RESTORE would also require Congress to consider creating a permanent “Joint Committee on Rules Review,” which would further broaden the scope of standards and safeguards subject to unnecessary delay and possible repeal.
RESTORE is redundant, unnecessary, and a backdoor way to prevent the implementation of popular laws.
Our regulatory process is already overloaded with roadblocks that slow the enactment of crucial public safeguards. It already takes years for agencies to develop even uncontroversial and pressing standards. During these delays, people may die or suffer serious injuries and illnesses, and communities and our natural resources can be irreparably harmed.
The Office of Management and Budget’s Office of Information and Regulatory Affairs (OIRA) currently reviews rules that agencies develop. Congress created OIRA through the Paperwork Reduction Act and tasked it with overseeing the federal regulatory process. The office focuses on evaluating the economic impacts of rules and avoiding inconsistent and duplicative policies among agencies. RESTORE essentially gives the Joint Select Committee some of the same functions as OIRA, rendering the resolution redundant and wasting staff time and resources of executive agencies and Congress.
RESTORE is a “solution” in search of a problem because Congress already has extensive oversight of the regulatory process. It may make recommendations to agencies, hold hearings and pose questions to agency heads, impose restrictions through funding bills that prevent agencies from enforcing specific rules, or enact legislation concerning a proposed rule. Should an agency issue a final regulation that Congress disagrees with, it can pass a joint resolution of disapproval by a simple majority under the Congressional Review Act. This can overturn a rule if the president signs it.

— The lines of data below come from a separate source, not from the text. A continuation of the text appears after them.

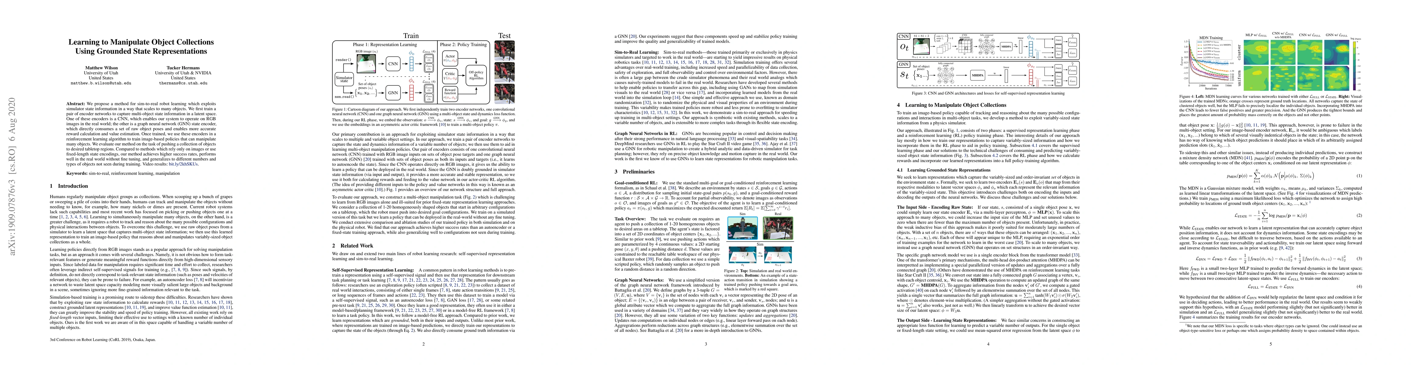 This paper proposes a method for sim-to-real robot learning using grounded state representations, employing encoder networks to capture multi-object state information. The method achieves higher success rates and better generalization to unseen objects compared to image-only or fixed-state encoding methods.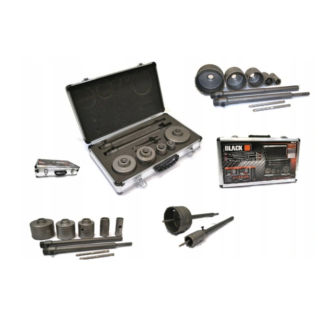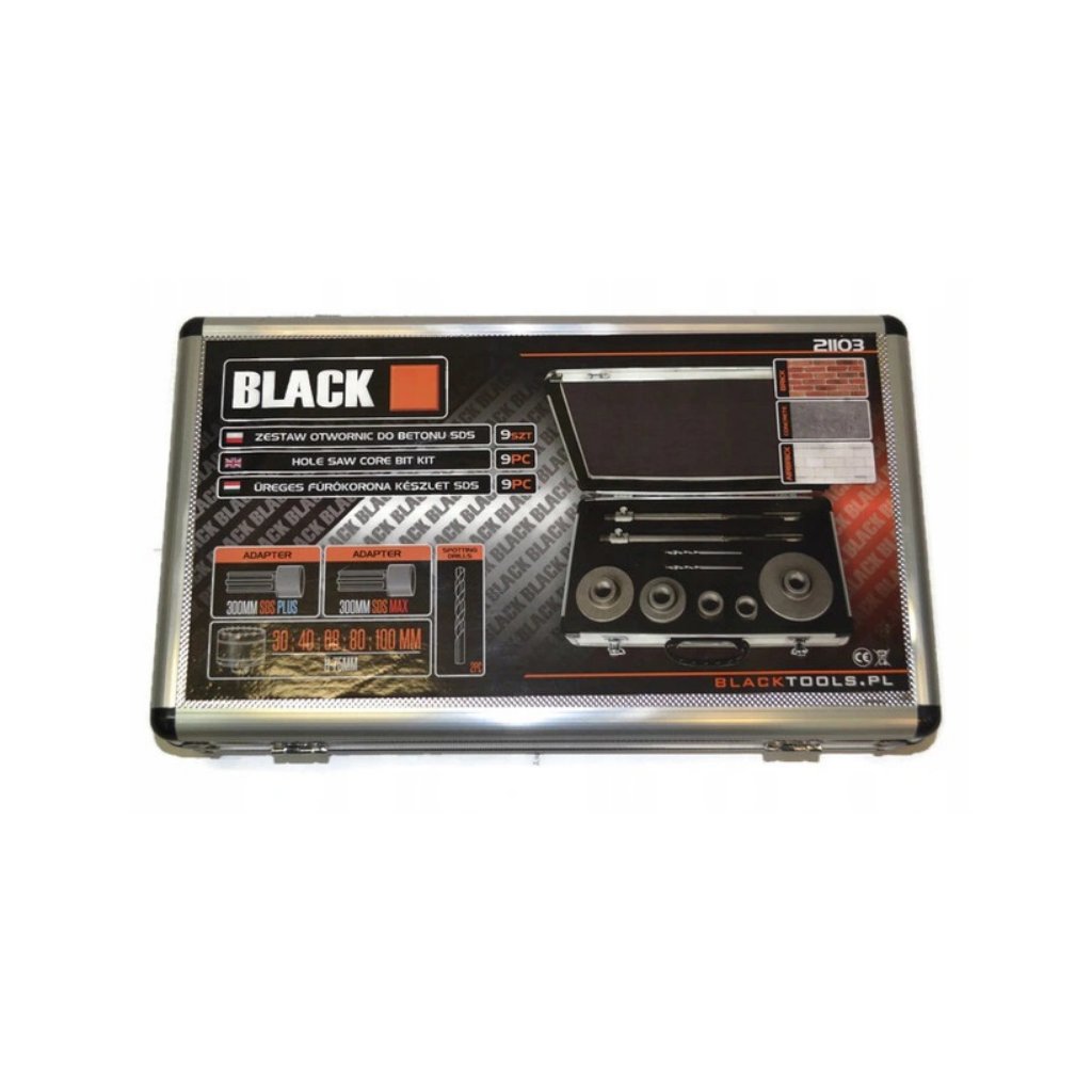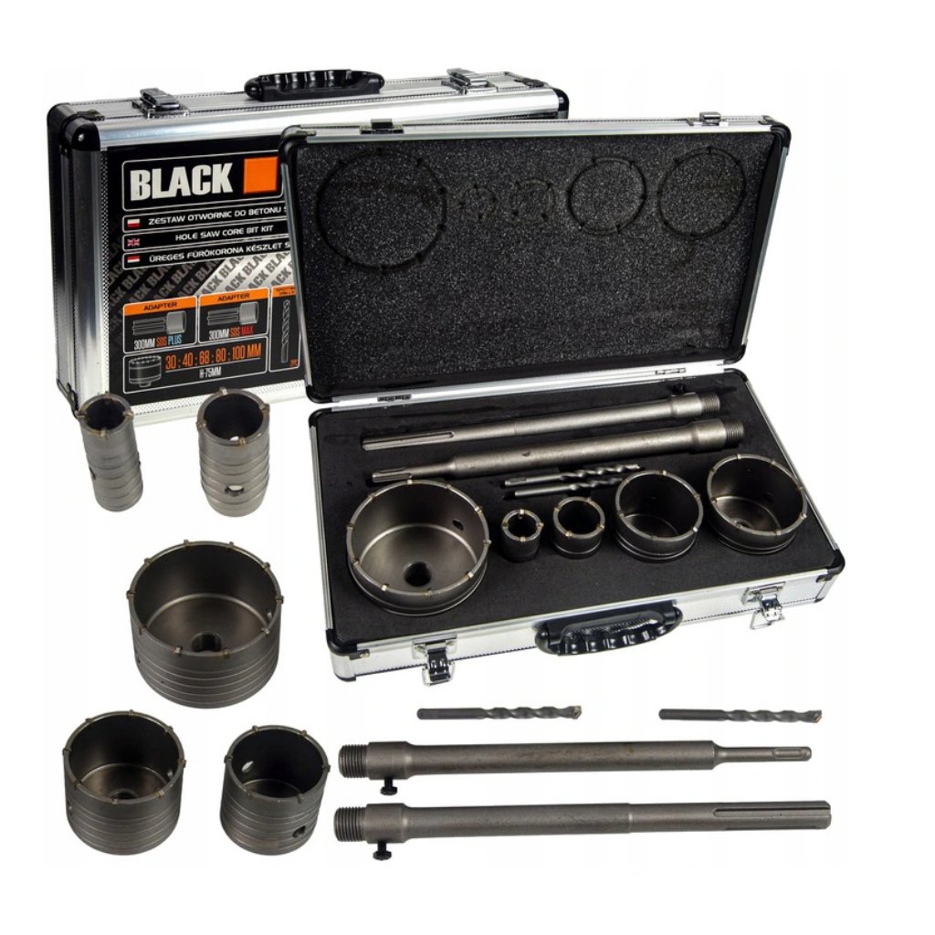 Korunkové vrtáky do betonu SDS PLUS, SDS MAX, 30-100mm, sada 9 ks Black – kvalitní provedení pro spolehlivé použití v dílně, garáži i na stavbě.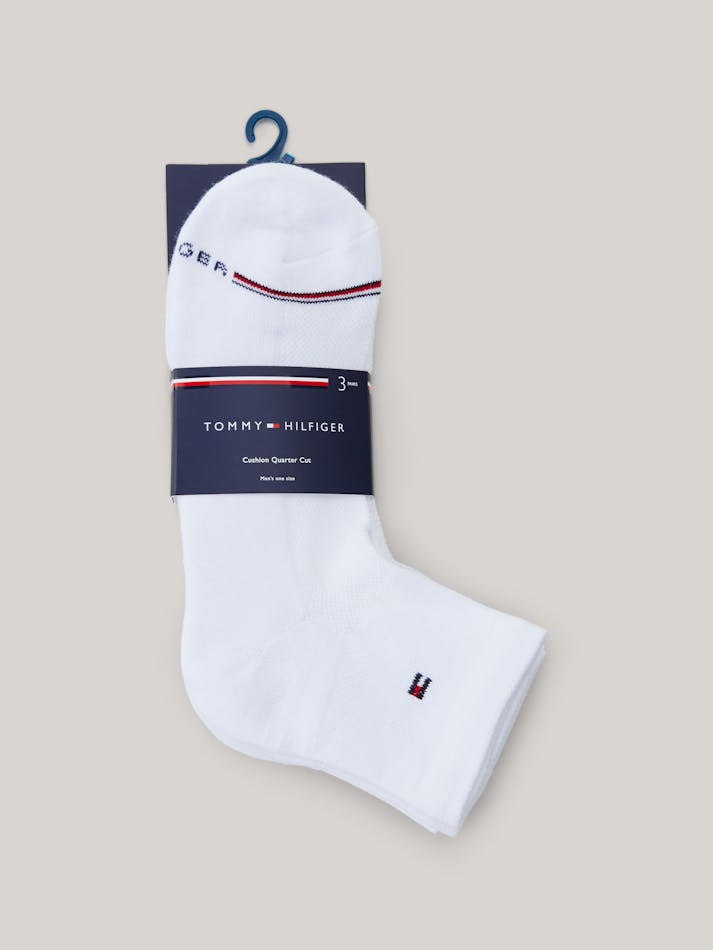 Tommy Hilfiger Mens 3-Pack Quart Length Socks, crafted from cotton and designed for everyday comfort.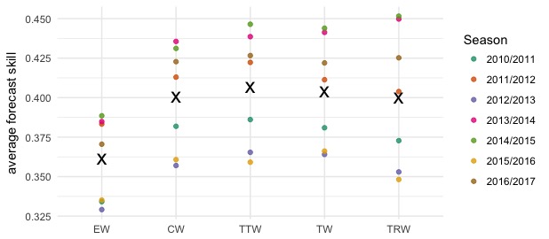 We measured performance by computing the average score across all targets and all relevant weeks in the last seven seasons. (Including only “relevant weeks” means, e.g., that for evaluating season onset we exclude weeks after the onset has clearly occured, because at this point, the forecasts are no longer informative.) The ensemble models generally showed better average scores than any of the component models, and there was little difference between the CW, TTW, TW, and TRW models.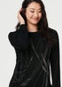 Add a sparkly touch to your outfit with this glamorous top. It has long sleeves, a round neck and a hip length hem. Wear it with plain black trousers for an autumnal evening out.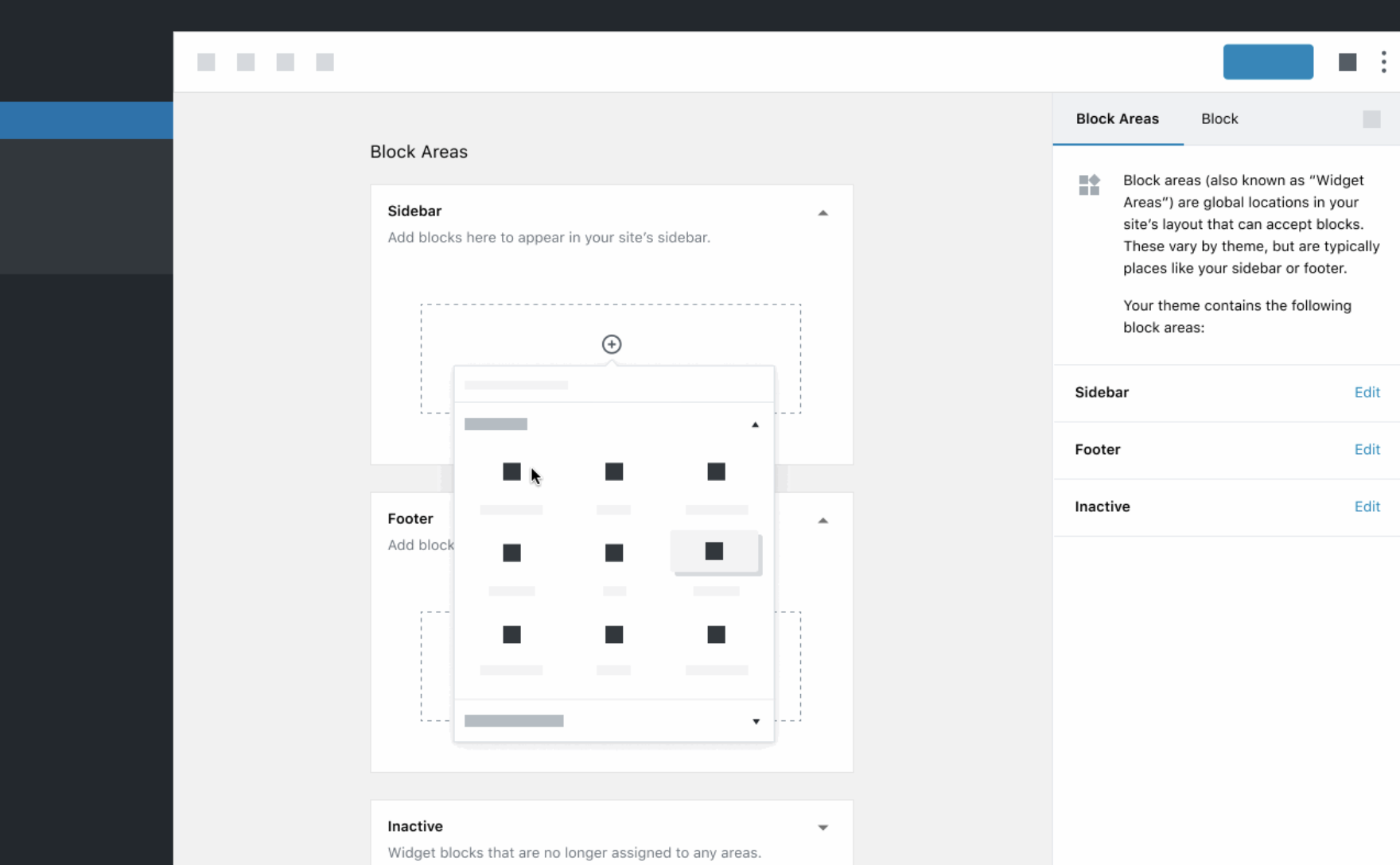 - The block editor should read and update blocks in widget-editing areas via the REST API.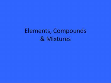Elements Compounds Mixtures
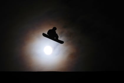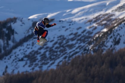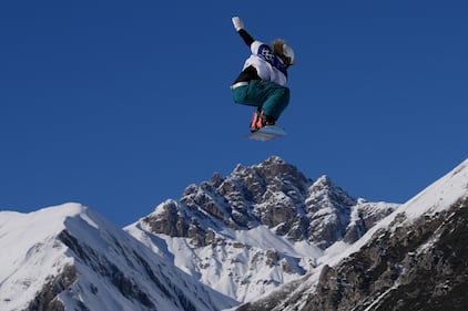 New Zealand's Dane Menzies practices before the men's snowboarding slopestyle finals at the 2026 Winter Olympics, in Livigno, Italy, Wednesday, Feb. 18, 2026. (AP Photo/Lindsey Wasson)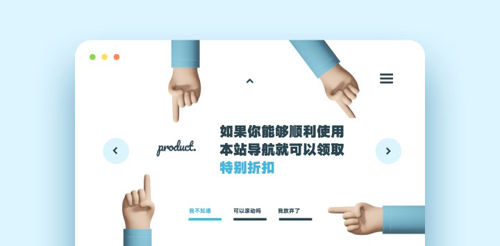 有的網站為了個性,而使用左右或者其它的特別翻頁形式。這樣確實會讓人嚇一跳,但并不會給產品推廣帶來任何超出。用戶發現頁面不是上下翻頁之后,不會注意到產品的介紹,相反,會試著弄清頁面的交互方式:是橫向滑動的嗎?或者我需要點擊某些鏈接才會出現內容?或者只是需要等待?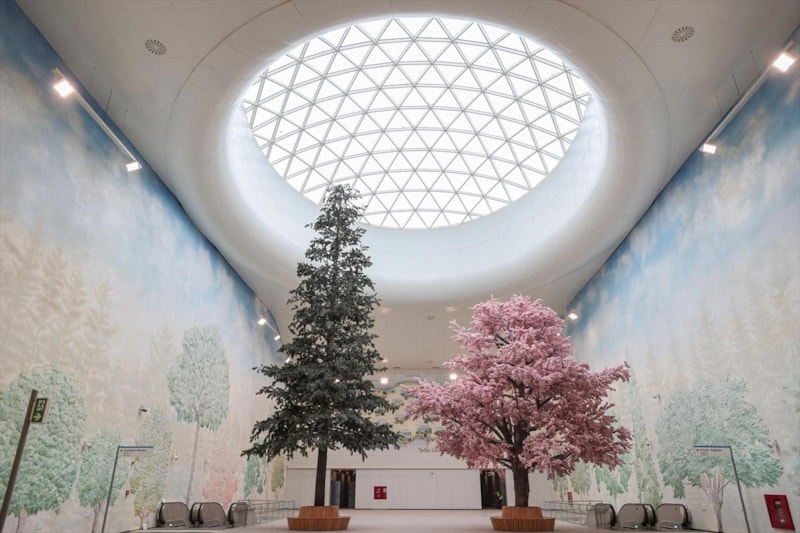 Öte yandan istasyonda İstanbul'u temsilen yapay çam, Japon kültüründe büyük bir öneme sahip olan ve bu ülkenin ulusal simgeleri arasında yer alan sakura ağacı bulunuyor.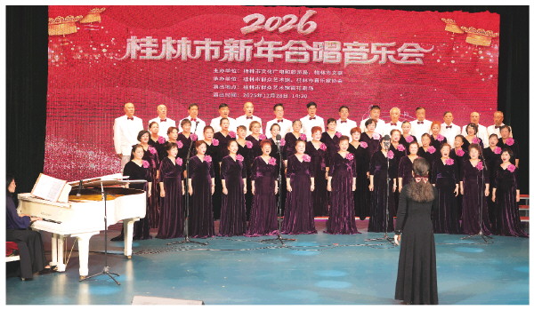 12月28日,由桂林市文化广电和旅游局、桂林市文联主办,桂林市群众艺术馆、桂林市音乐家协会承办的2026年桂林市新年合唱音乐会,在市群众艺术馆百花剧场举行,为市民带来一场精彩的艺术享受。
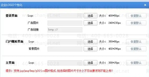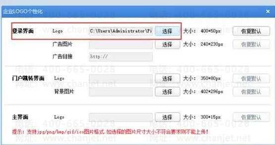 2. 选择登录界面-LOGO-点击选择-打开本地的400*50大小的图片(图片大小不符合要求则无法上传成功),图片格式可以为JPG/PNG/BMP/GIF/ICO。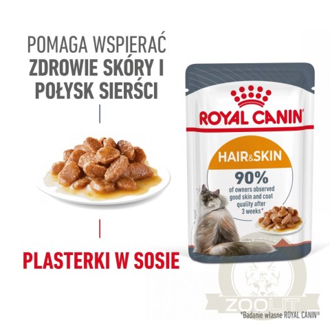 Karma mokra w sosie dla kotów powyżej 1 roku życia z problemami skórnymi i matową sierścią. Opakowanie zawiera 1020g.

At a recent hearing, Senate Republicans tried to cite the shrinking capacity of OIRA to take on expansive regulatory review as a justification for the RESTORE resolution, but their own witness, former OIRA Administrator Susan Dudley, pointed to an easier fix: Congress could just provide the office with more resources.
Legislators don’t have the time or the expertise to review all significant rules, and RESTORE is likely unconstitutional.
Members of Congress have scant time to review rules – whether they’re newly proposed or already adopted. Incredibly, Rounds proposes a review of all existing federal regulations to identify rules and sets of rules that should be repealed, which could subject every regulation ever enacted to an undefined standard of congressional review.
Further, the resolution would drag more proposed rules into the review process by lowering the economic standard for defining a “significant” rule, from an annual impact on the economy of $100 million or more to $50 million. Even the current standard is unreasonably low; it was set in 1978 during the Carter administration and has not been changed since. Adjusted for inflation, the equivalent impact on the economy would be $713 million today.
As Rounds himself points out, there is no way Congress can review over “ten thousand regulations per year” unless such an undertaking is institutionalized. He is absolutely correct, and that’s why Congress delegated this responsibility to the executive branch.
It is also highly unlikely that legislators appointed to the Joint Select Committee would have the necessary expertise to review technical and scientific rules. In addition to OIRA, the current rulemaking review process allows other federal agencies with expertise and interest in a rule to provide their input. However, congressional review would allow industry-backed legislators to overrule scientific experts and roll back decades of vital public protections.
RESTORE represents a transparent and likely unconstitutional power grab that is unworkable and creates more problems than it purports to solve. Congress should reject this proposal.